Yes, you read that right. This so-called shill for the pharmaceutical industry is calling them as I see them – most published medical research is a failure – but stay tuned for the full story.
Now by failure I mean that more often than not, claims that are supported by one or two published articles, rarely lead to a clinically significant product (such as a pharmaceutical). Of course, I don’t mean that the research is fraudulent, although some are, especially in low level journals frequented by pseudoscience pushers.
And I don’t mean it’s bad science, although there’s evidence of that, which I’ll discuss below.
And I don’t mean that there’s some grand conspiracy between Big Pharma and everyone else (again, no evidence to support that nonsense), although there is some evidence that research sponsored by Big Pharma is poorly done.
So what do I mean? Results from lot of medical research that get splashed in the news rarely, and I mean rarely, end up having any clinical utility. Rarely, but not never.
This does not mean that medical procedures, pharmaceuticals and devices that have been vetted through lots of research that repeat and confirm the original data and that form the basis of a scientific consensus are bad research. Almost everything that passes by the FDA and other regulatory agencies in other countries meets high standards for risk and benefit analysis.
Finally, arriving at a scientific consensus is a brutal, time-consuming process. It means that the theory or idea has been repeated many times, and the analysis and data are solid. So even though “most” research ends up in a failure, that’s because science is harsh to research that can’t be repeated, or was badly designed.

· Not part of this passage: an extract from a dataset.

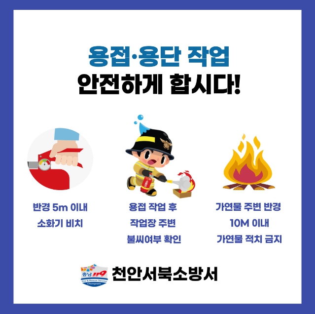 ![]() 천안서북소방서, 용접 작업 시 불티로 인한 화재 주의 |

The best research isn’t a failure, even if it finds negative results. And the best ideas in medicine, let’s say vaccines, have been so thoroughly vetted that the consensus is nearly unassailable. Though people try with their poorly designed, unrepeatable research.

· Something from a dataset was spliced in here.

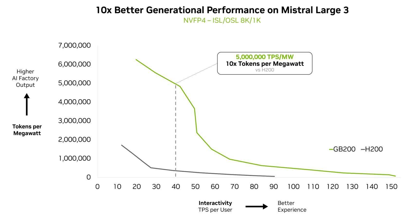基于开源大语言模型 Kimi K2 Thinking、Deepseek-R1-0528、Mistral Large 3 测试,相比上一代 Hopper HGX 200 性能提升 10 倍。

Medical research to clinical applicability
In 2003, researchers reviewed 101 studies published in respected, high impact factor scientific and medical journals between 1979 and 1983 that claimed a new therapy or medical technology was clinically promising. What was shocking was that they found only five, of those 101, made it to market within a decade of publication.
Why did they choose a decade? That’s a good period of time for further research, clinical trials, and finally FDA approval.
So that’s just 5%. But what’s even more ironic is that only one, ACE inhibitors which are used to treat hypertension, was still used at the time of publication (2003). Of course, it’s still used today as one of the basic tools in treating high blood pressure.
Think about that. There were 101 breathless claims of some miraculous medical breakthrough (if the PR departments of the various universities and startup companies did their jobs), and only one is on the market today.
I often make a pointed joke about research into cancer. “We have cured cancer in mice over the past decade.” Setting aside the fact that there will never be “one cure to cure them all,” given that there are over 200 cancers, each so different that it would be impossible to imagine one drug.
But when you read an article that eating blueberries will prevent breast cancer based on one mouse study, you need to consider it very skeptically. The gold standard of medical research is a double blind clinical trial, repeated several times, and then rolled up into a systematic review–the basis for a scientific consensus. At that point, if it showed significant clinical differences, I’ll be eating blueberries 24/7.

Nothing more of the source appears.